Tagsüber hatte ich in Zürich mit der Sängerin Magda Vogel für die Aufführung von SCULPTED SOUND im Moods im neuen Schiffbau vom 5.Januar geprobt. Zusammen waren wir ins Eigenthal gefahren, beim ersten Kirchgang nachmittags um vier fast erfroren, schnell in die Beiz hinauf und dank je zwei Kafi Luz wieder betriebsbereit, sodann auf die Empore geklettert, den Motor angeworfen, das Programm durchbesprochen, Cortona-Hergiswald retour, ein kühner Sprung durch sieben Jahrhunderte, durchzogen von Improvisationen von Stimme und Orgel - "organic voices". Endlich einmal alle Register ziehen können... hier oben sinds halt bloss acht. Verstimmt ist sie natürlich auch, die gute alte Quetschkommode, aber die absolut untemperierte Stimmung passt bestens zur winterlichen Raumtemperatur. Die Kälte erinnert mich an die Zeit vor Johann Sebastian Bach, wo man noch nicht s p i e l e n konnte, sondern "die Orgel schlagen" musste, weil das Herunterdrücken der Tasten bei gleichzeitigem Treten der Blasbälge damals eine ziemlich körperliche Ertüchtigung erforderte. Jetzt sehne ich mich nach mehr Bewegung. Die Erwärmung erfolgt zu Fuss durch den Ab- und Aufstieg auf dem Prügelweg.
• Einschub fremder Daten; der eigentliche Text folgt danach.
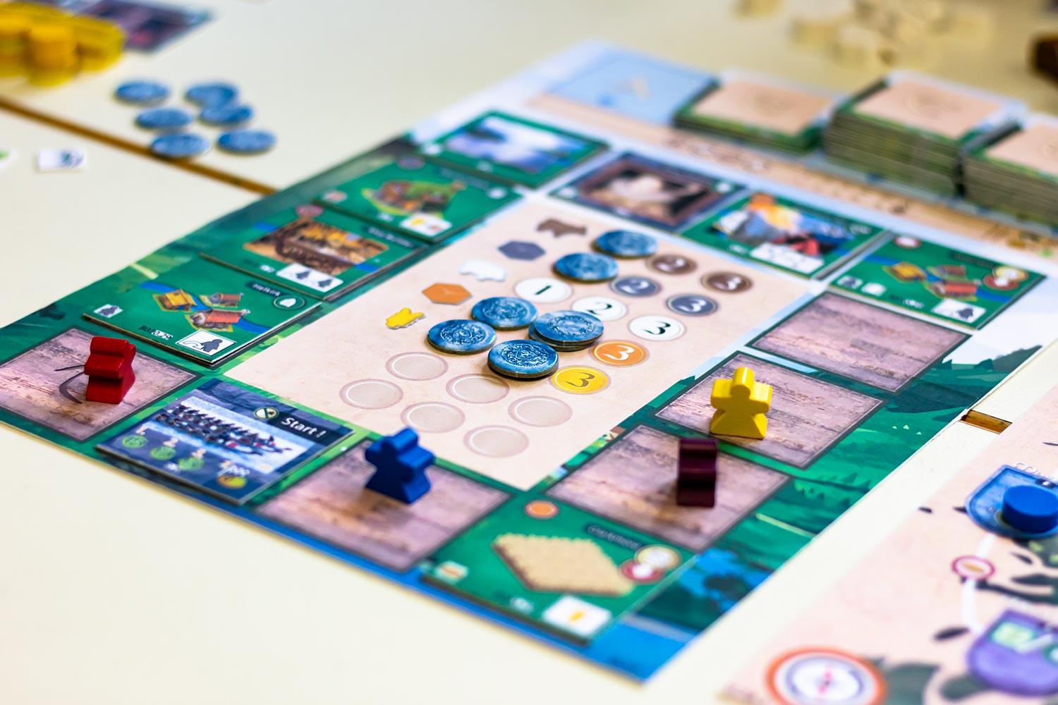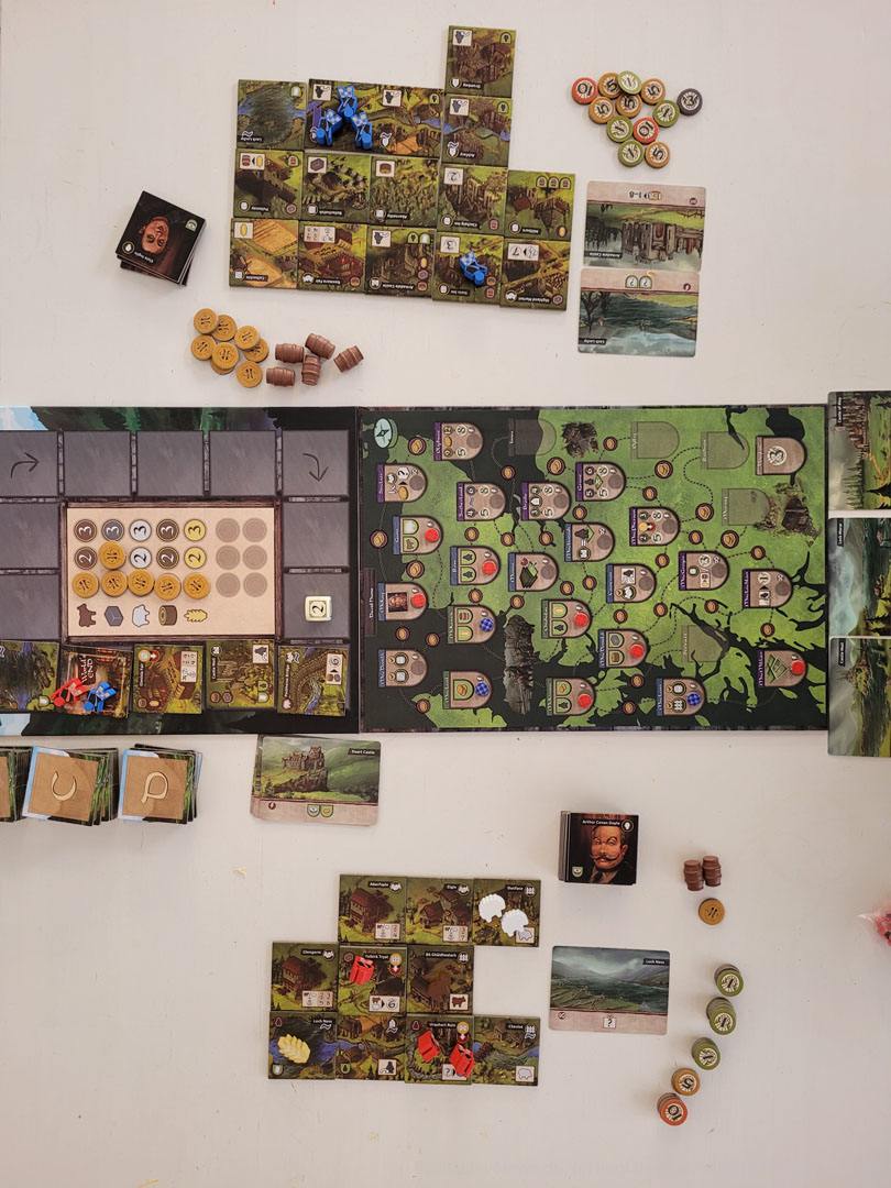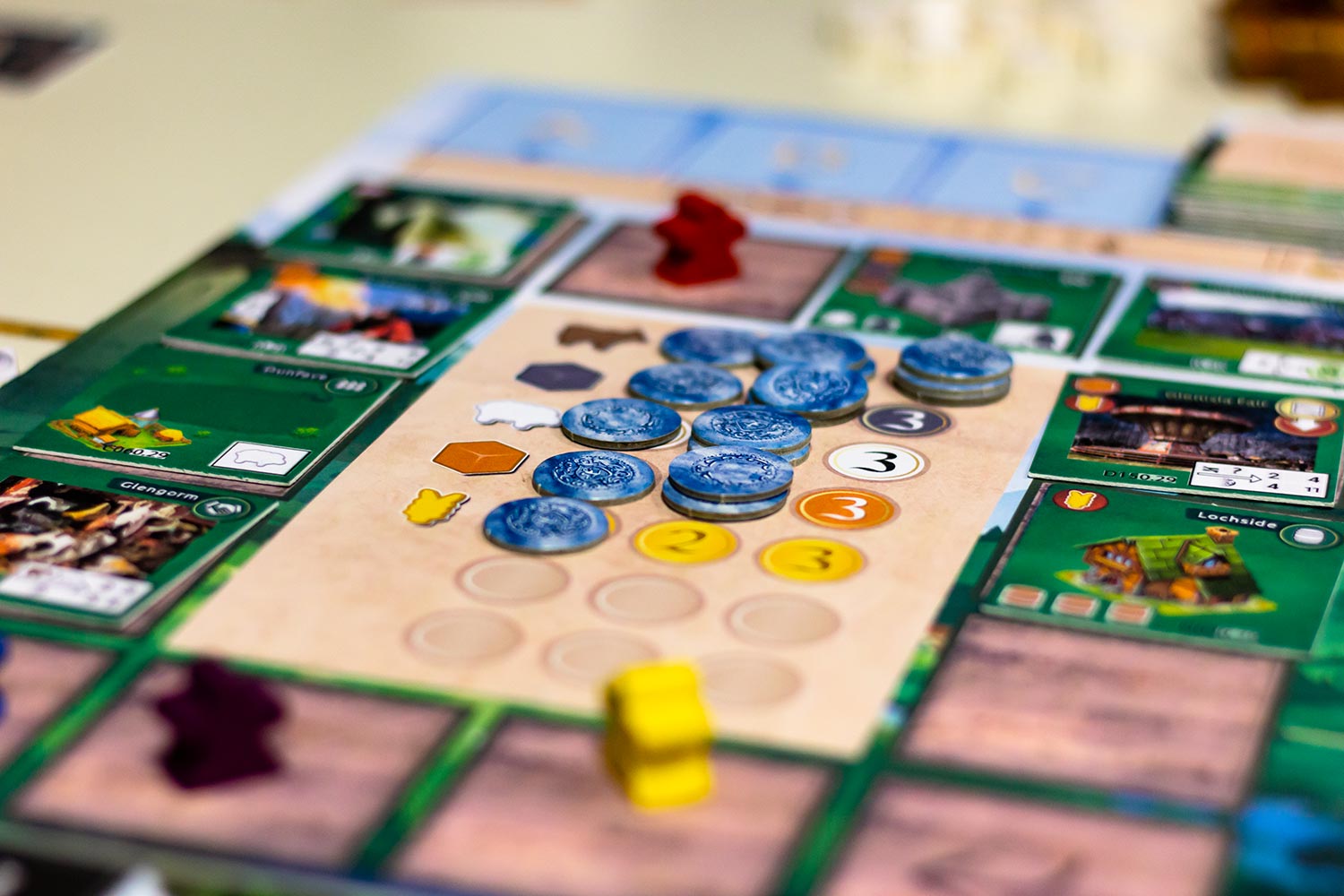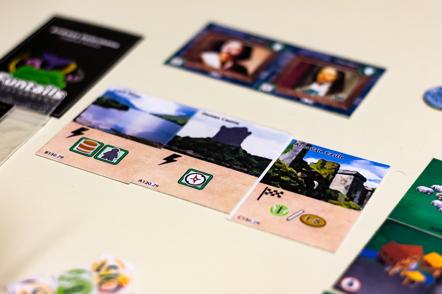 Da ich bislang von „Glen More“ zwar gehört, es selbst aber noch nicht gespielt hatte, ging ich recht unbelastet an das Spiel des Prototypens heran. In den ersten 1-2 Runden musste ich mich zwar erst mal ein wenig in die Mechanik einfinden. Wie etwa was wann aktiviert wird, worauf zu achten ist beim Anlegen der Plättchen oder auf welche Fähigkeiten, welchen schottischen Edelmannes ich meine Marker setzen sollte, auf der Tafel mit den Belohnungen. Danach war ich schnell im Spiel und konnte mich zeitnah mit möglichen Strategien vertraut machen, die mir hoffentlich ganz viele Siegpunkte bringen würden.

Botschaften aus dem Bauch des Kirchenschiffes waren angekündigt, und wir begannen mit einer marianisch stimmigen Intonation mit einer aeolischen "Laude Novella" aus dem 13.Jahrhundert, die ich in der alten Etruskerstadt Cortona vom Klosterbruder Padre Angelo als Geschenk erhalten hatte. Musik darf all das, was wir uns sonst nur in den Träumen: die Zeit rückwärts ablaufen lassen, Sprünge in Sekundenschnelle über Epochen und Kontinente hinweg, extemporisieren: aus-der-Zeit-heraus erspüren, was in der Luft liegt. Ein paar Weihrauchmoleküle und eine dunkle Ahnung der Deckengemälde vermischen sich zu einem spekulativen Spiegelbild, in dem wir unseren Stimmen freie Bahn gewähren. Frei - und doch vorbestimmt, der rettende tonale Hafen darf angesichts der Kälte und der harten Kirchenbänke nicht länger als eine halbe Stunde entfernt am Horizont auftauchen. Fiat lux.


Die kunsthistorischen Ausführungen sind dem sehr empfehlenswerten, reich bebilderten Band "Der Bilderhimmel von Hergiswald" von Dieter Bitterli entnommen, der 1997 im Wiese-Verlag Basel erschien.